Robert Millikan's famous oil-drop experiments were carried out at the University of Chicago from 1909 to determine the magnitude of the charge of the electron (since May 2019, this quantity has been fixed by definition at $1.602176634 \times 10^{-19}\;\mathrm{C}$.) In a single experiment, an electrically charged oil droplet was observed to fall a known distance, $d$, between two uncharged plates at its terminal velocity, $v_g$: from the time taken, $t_g$, the droplet's radius, $a$, can be deduced. Next, a voltage was applied to the plates, inducing an electric field between them. As the droplet rises under the resulting net force, the time taken, $t_e$, for it to move back up through the same distance, $d$, can be used to deduce its total charge, $q$, which is observed to be an integer multiple of the same base value, $e$, that is: $q=Ne$.

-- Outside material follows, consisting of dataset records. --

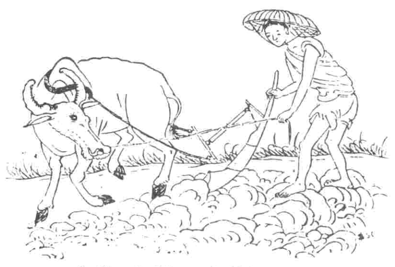
Fig. 28. - (D.) Laboureur. Ngườn đang cây rướng.

Fall should have been aware of the very high proportion of the landowners who did not own enough land to support their families, for he mentioned in the same study the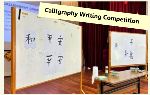
Calligraphy Writing Competition

It was a morning full of smiles, creativity and festive spirit, a wonderful way for the CPASS East community to learn and celebrate together.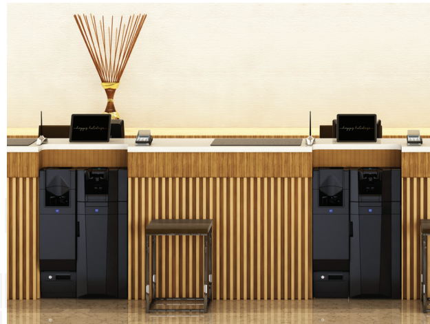
2. Large volume of cash CI-50B/CI-10CX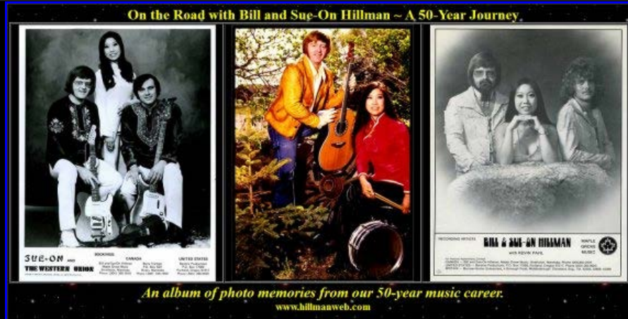
Photo Collage Archive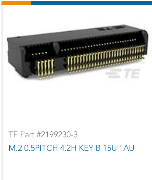
TE Part #2199230-3 M.2 0.5PITCH 4.2H KEY B 15U" AU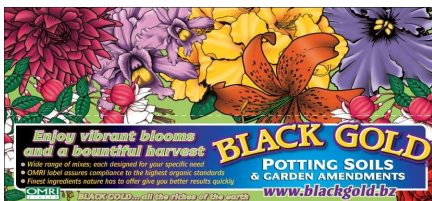
Black Gold Potting Soil Shelf Talker

Shelf Talker is 11" wide by 5.5" tall Potting Soil Product Line Clear plastic covered cardstock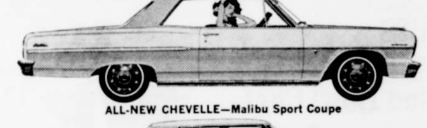
ALL-NEW CHEVELLE—Malibu Sport Coupe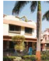
VIRAYATAN (DEOLALI) 1996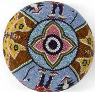
98 (alternate view)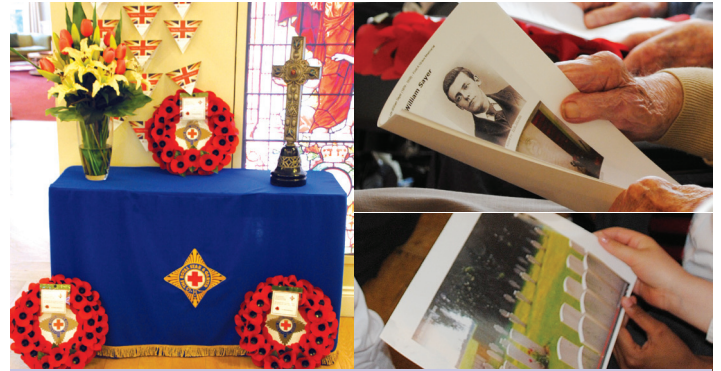
Commemorations for The Battle of the Somme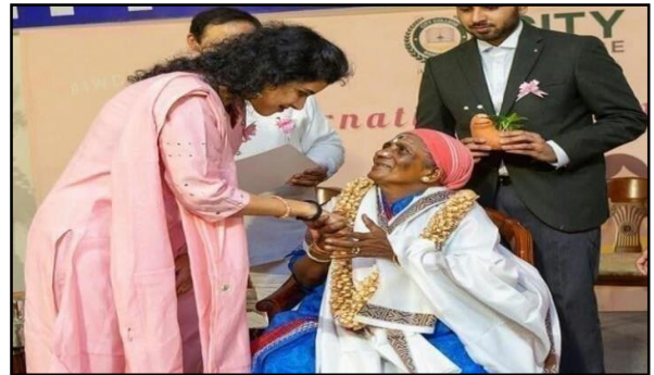
Fig 2: Felicitation for teaching and non-teaching Staff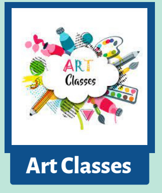
• Classes meet daily for 40 minutes!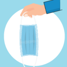
Inspect the mask for tears or holes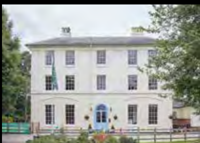
RGS Springfield Britannia Square, Worcester WR1 3DL Independent Education for children aged 2 - 11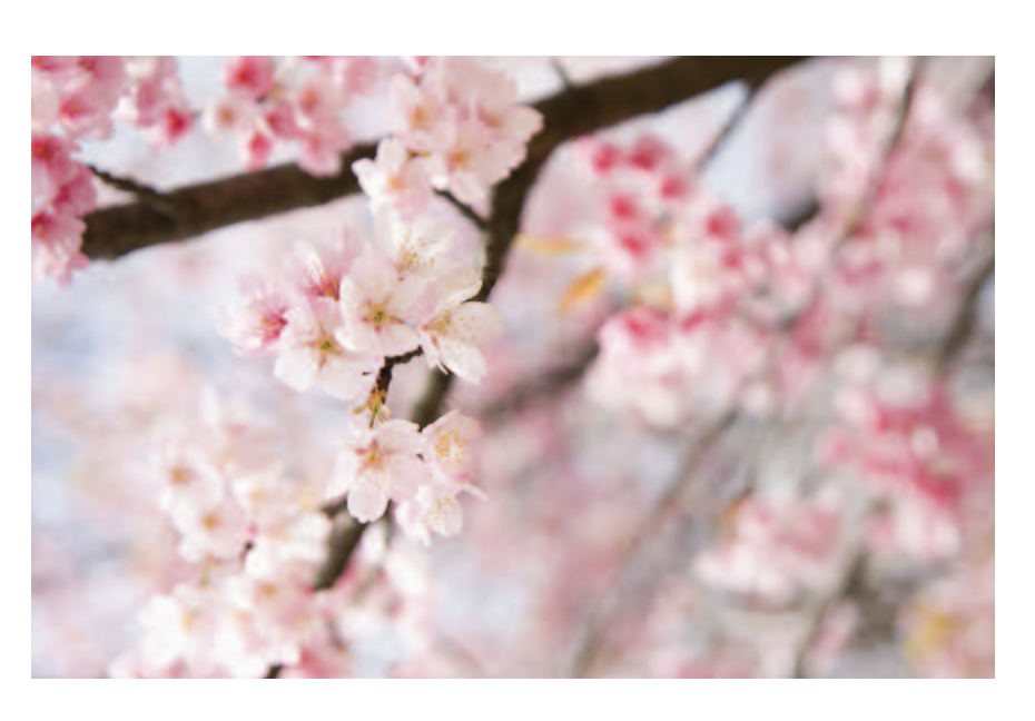
"Be kind. Be open. Be curious. Be strong. Be generous. Be sincere. Be loyal. Be honest. Be a Lion."

a common cause. We have shown time after time that national boundary lines are nothing more than dots on a map. In spite of conflicts and disputes throughout the world, we work beyond differences – a grassroots coalition of peace through service.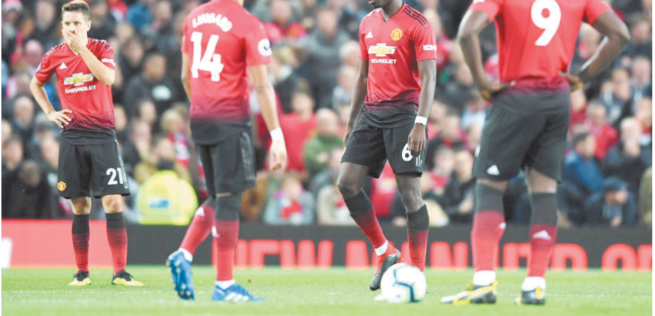
United have lost two of opening three PL games for first time since 1992 as Tottenham stunned Manchester United with a 3-0 win at Old Trafford on Monday Night.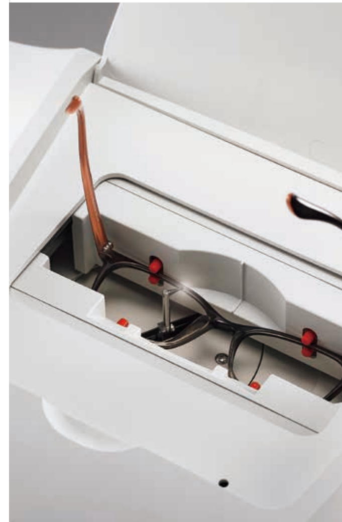
Built-in Tracer in method of Auto / Semi-Auto Mode

The new Exelon is designed to help users achieve satisfactory results with minimum time and effort.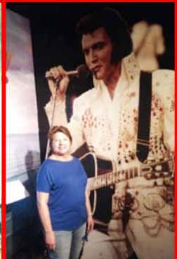
After New Mexico, we stopped at the Peabody Hotel in Memphis, TN to see the DUCKS! The next morning we went to Graceland, home of Elvis Presley!!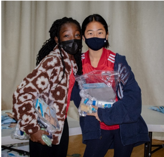
Caption: Packing “Blessing Bags” at the 2021 NSYMCA Holiday Giveback event.

The North Suburban YMCA services Northbrook and 14 surrounding communities with programs and tools that help its residents become healthier, more connected, and confident, ensuring that everyone, regardless of age, income, or background, has the opportunity to learn, grow, and thrive. The NSYMCA focuses on Youth Development, Healthy Living, and Social Responsibility and is a 501(c)3 charitable organization, inclusive and welcoming to all in our community. Learn more at NSYMCA.org .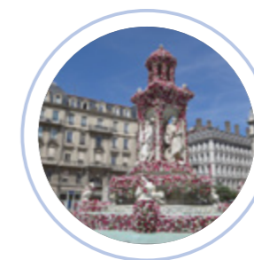
Lyon, the world capital of gastronomy

Lyon is designated as a UNESCO World Heritage Site: museums, festivals, historical districts and monuments to explore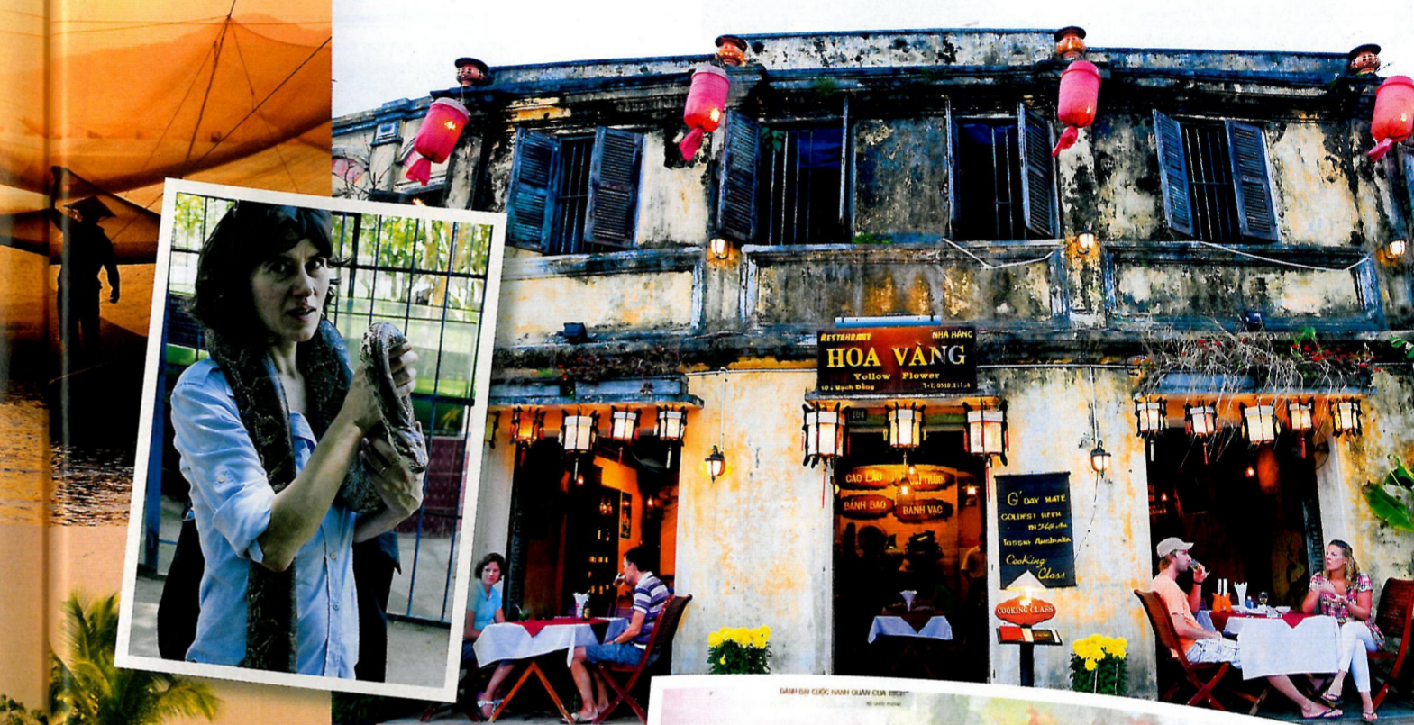
Clockwise from top left, a fisherman at dawn in Hoi An; Bella with a python; cafés in Hoi An's Old Town; James with North Vietnamese Army veterans; Don Bet, on the Mekong River

< the paper-thin galettes before wrapping them up like fat cigars. After a week of this kind of food – eating, as my wife Bella did, My Quang soup for breakfast each day – you feel markedly light and energised, very pure indeed. The soul of Vietnamese food, as any scholar will tell you, is in the stock, which is superior to any other, a subtlety owed in secret part to the grilled onion, star anise and cinnamon, which is added only in the last hour of the four hours or so of conventional bone simmering.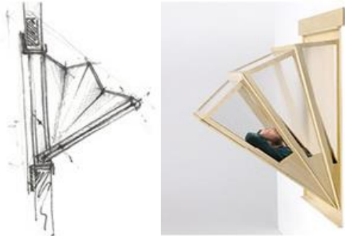
Fig. 6. Collapsible Hooper type window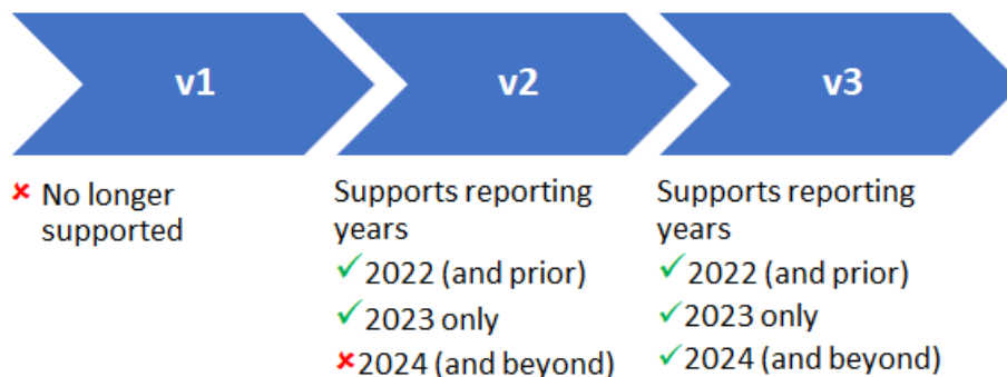
Figure 9-1: Utilization API Versions

The Utilization API allows an organization/agency to create, update, and search for an existing utilization record. The information required to submit a request will depend on the reporting year and the latest stage of development specified. The graphic below shows what reporting years each version supports.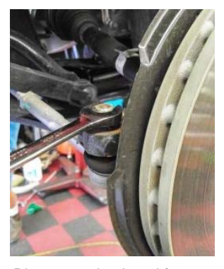
Disconnect the tie rod from the steering knuckle. You will need a 17mm socket to remove the nut, and a hammer to strike the knuckle and free the tie rod.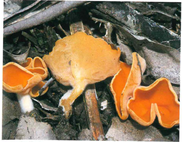
Above: Stalked orange peel fungus

GROUP: Ascomycetes. Cup fungi (cup or disc-shaped fruits).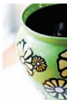
Ceramic , Lynn Whelan, Inveramics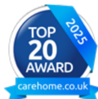
Belong Wigan was listed in the Top 20 care homes in the North West, with a perfect 10 out of 10 rating

In this example we adopt a coordinate system in which the droplet's vertical position, $z$, increases in the "up" direction. For the free-fall part of the experiment, when the droplet falls at constant terminal velocity $v_g=-d/t_g$ there is no net force on it: the sum of the gravitational and drag forces is zero: $$ F_g + F_d = 0 \quad \Rightarrow -m'g - 6\pi\eta a v_g = 0, $$ where $m' = \frac{4}{3}\pi a^3\rho' = \frac{4}{3}\pi a^3(\rho_\mathrm{oil} - \rho_\mathrm{air})$ is the effective mass of the droplet (after the mass of air it displaces is taken into account), $g = 9.803\;\mathrm{m\,s^{-1}}$ is the acceleration due to gravity in Chicago, and $\eta = 1.859 \times 10^{-5}\;\mathrm{kg\,m^{-1}\,s^{-1}}$ is the air viscosity under the experimental conditions (temperature, humidity, etc.). Rearranging, we get the following expression for the droplet radius: $$ a = \sqrt{\frac{-9\eta v_g}{2\rho'g}}. $$ When a suitable voltage is applied to the plates and the droplet moves upwards at a constant velocity $v_e=d/t_e$, the force due to the electric field is balanced by gravity and the drag force (at this new velocity): \begin{align*} & F_e + F_g + F_\mathrm{d}' = 0 \quad \Rightarrow qE + 6\pi\eta a v_g - 6\pi\eta a v_e = 0\\ \Rightarrow \quad & q = \frac{6\pi\eta a(v_e - v_g)}{E} = \frac{6\pi\eta ad}{E}\left( \frac{1}{t_g} + \frac{1}{t_e} \right) \end{align*} Each droplet (labeled A – H) was observed three times for each different charge, $q$, acquired by exposure to X-rays (up to seven experiments per droplet).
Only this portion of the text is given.